_WHAT YOU WILL DO_.
Please give the entries below again exactly, omitting every picture.
[[ DATA SECTION, beginning ]]
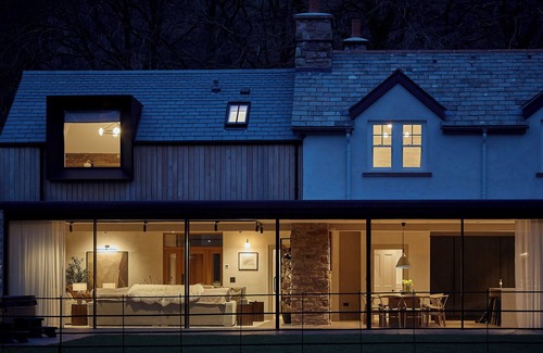 Eskdale Retreat is a luxurious property split between a main house and a coach house, offering eight en-suite bedrooms. The main house includes two super-king-size (zip/link) with freestanding baths and en-suite walk-in shower, two super-king-size (zip/link) with en-suite showers, a twin (zip/link) with an en-suite shower, and a bunk room with an en-suite shower. There's also an open-plan kitchen, dining, and sitting area with a woodburning stove, a snug, utility room, a cinema room, and an Alpine-style boot room with boot warmers/dryers. The coach house has a ground-floor super-king-size (zip/link), a super-king-size, and a kitchen, dining room, and sitting room. There's also WiFi, Bluetooth sound systems, and a Nespresso coffee machine. Outside, enjoy private gardens, a hot tub, bike storage for 16, and EV charging for two cars. Two well-behaved dogs welcome. Services such as private dining, adventure activities, guided hikes, and yoga can be arranged with the owners. Book Eskdale Retreat today for a luxury getaway! Please note: During the school summer holidays this property only accepts week long bookings
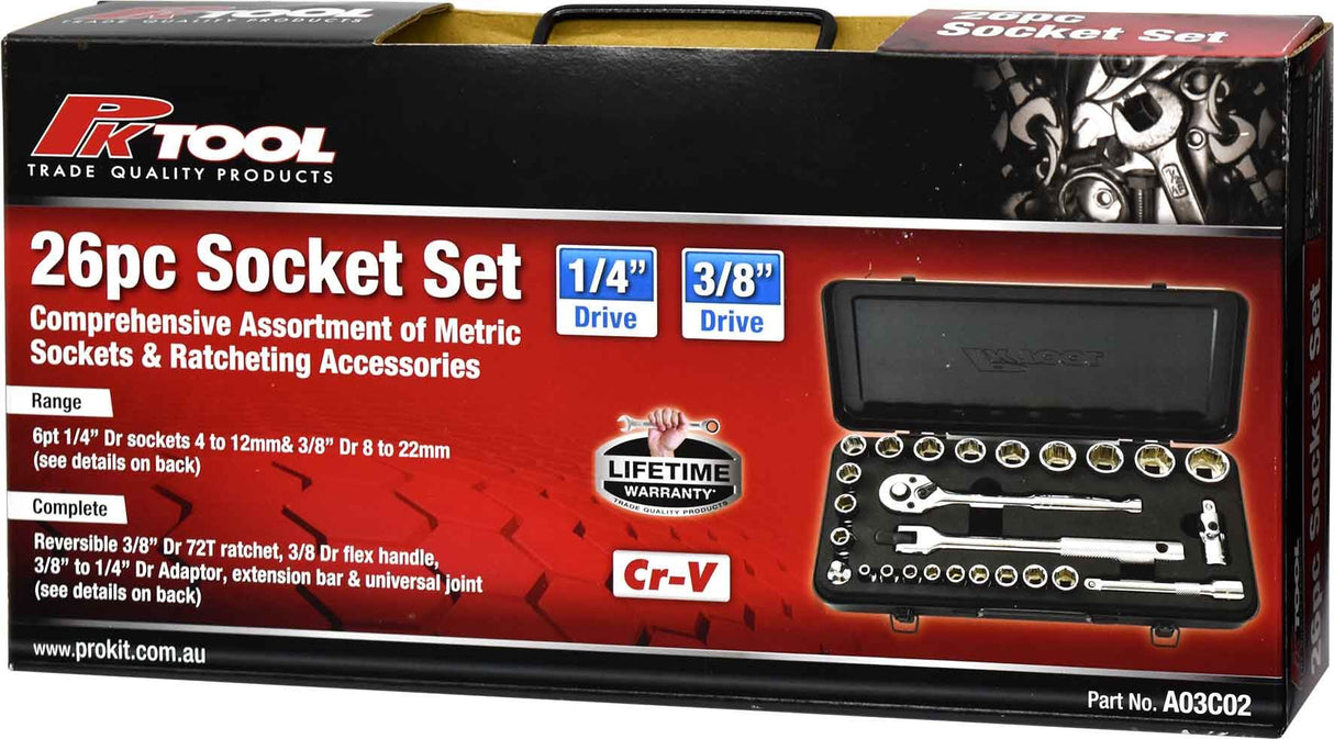 • A broad range of 1/4” & 3/8” Dr hex sockets are ideal for most vehicle requirements
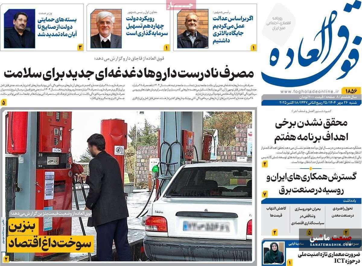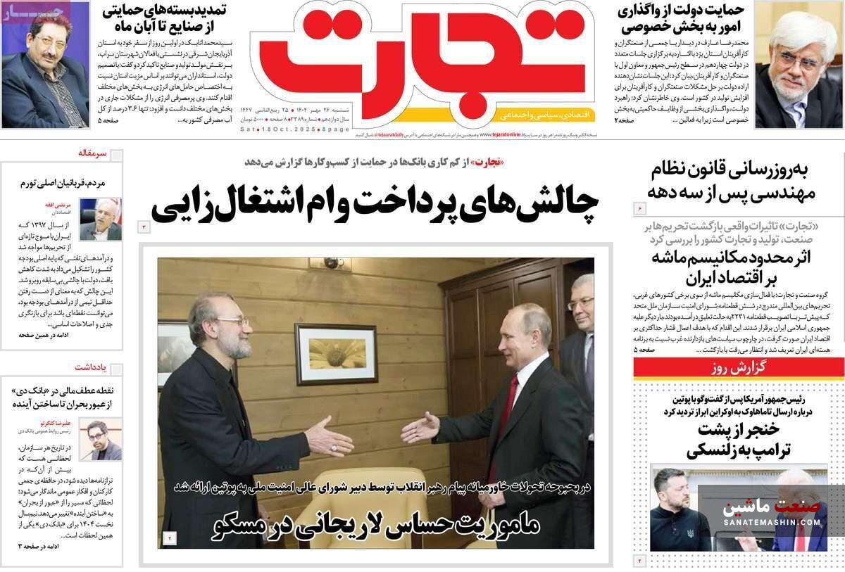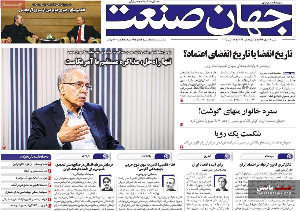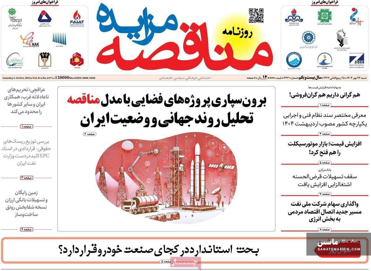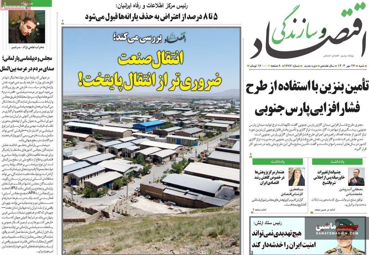 به گزارش صنعت ماشین ؛ صفحه نخست روزنامه های اقتصادی 25 مهر 1404 به شرح زیر است:
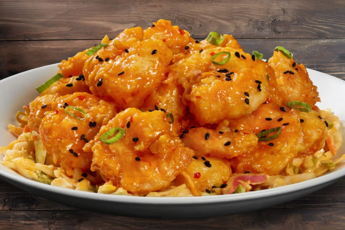 20 Fried shrimp tossed in spicy boom boom sauce on a crunchy cabbage slaw. Topped with black sesame seeds.
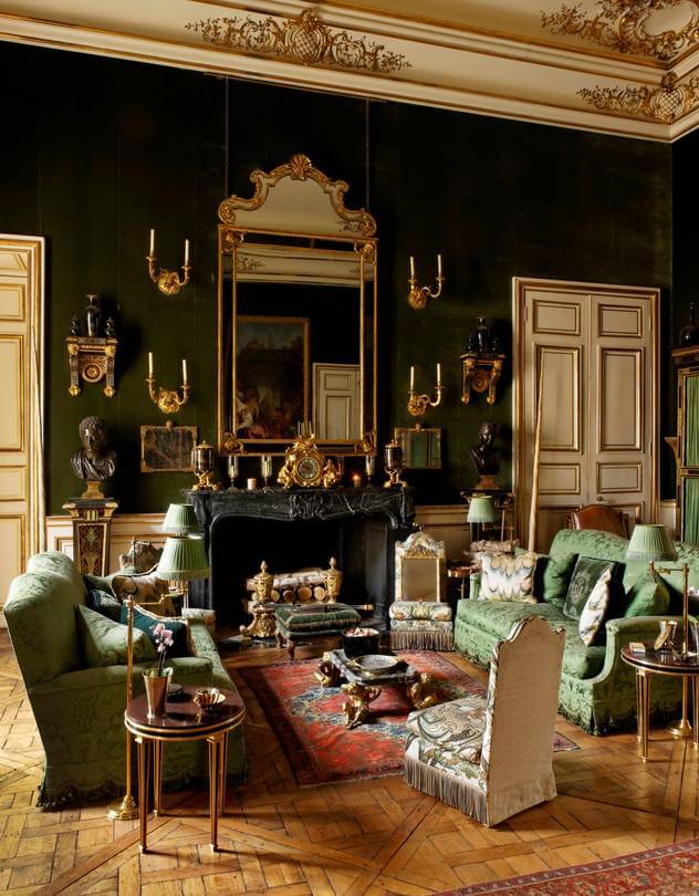 The sofa is particularly interesting because it an almost exact replica of the one that belonged to Hubert de Givenchy at his Hôtel d’Orrouer residence (Speaking of which, Christie’s will be auctioning off some of Givenchy’s furniture and art collection in June). The Hôtel d’Orrouer also featured a salon upholstered in green velvet.
[[ DATA SECTION, end ]]
_RESULT FOR THIS EXERCISE_.
 Eskdale Retreat is a luxurious property split between a main house and a coach house, offering eight en-suite bedrooms. The main house includes two super-king-size (zip/link) with freestanding baths and en-suite walk-in shower, two super-king-size (zip/link) with en-suite showers, a twin (zip/link) with an en-suite shower, and a bunk room with an en-suite shower. There's also an open-plan kitchen, dining, and sitting area with a woodburning stove, a snug, utility room, a cinema room, and an Alpine-style boot room with boot warmers/dryers. The coach house has a ground-floor super-king-size (zip/link), a super-king-size, and a kitchen, dining room, and sitting room. There's also WiFi, Bluetooth sound systems, and a Nespresso coffee machine. Outside, enjoy private gardens, a hot tub, bike storage for 16, and EV charging for two cars. Two well-behaved dogs welcome. Services such as private dining, adventure activities, guided hikes, and yoga can be arranged with the owners. Book Eskdale Retreat today for a luxury getaway! Please note: During the school summer holidays this property only accepts week long bookings
 • A broad range of 1/4” & 3/8” Dr hex sockets are ideal for most vehicle requirements
 به گزارش صنعت ماشین ؛ صفحه نخست روزنامه های اقتصادی 25 مهر 1404 به شرح زیر است:
 20 Fried shrimp tossed in spicy boom boom sauce on a crunchy cabbage slaw. Topped with black sesame seeds.
 The sofa is particularly interesting because it an almost exact replica of the one that belonged to Hubert de Givenchy at his Hôtel d’Orrouer residence (Speaking of which, Christie’s will be auctioning off some of Givenchy’s furniture and art collection in June). The Hôtel d’Orrouer also featured a salon upholstered in green velvet.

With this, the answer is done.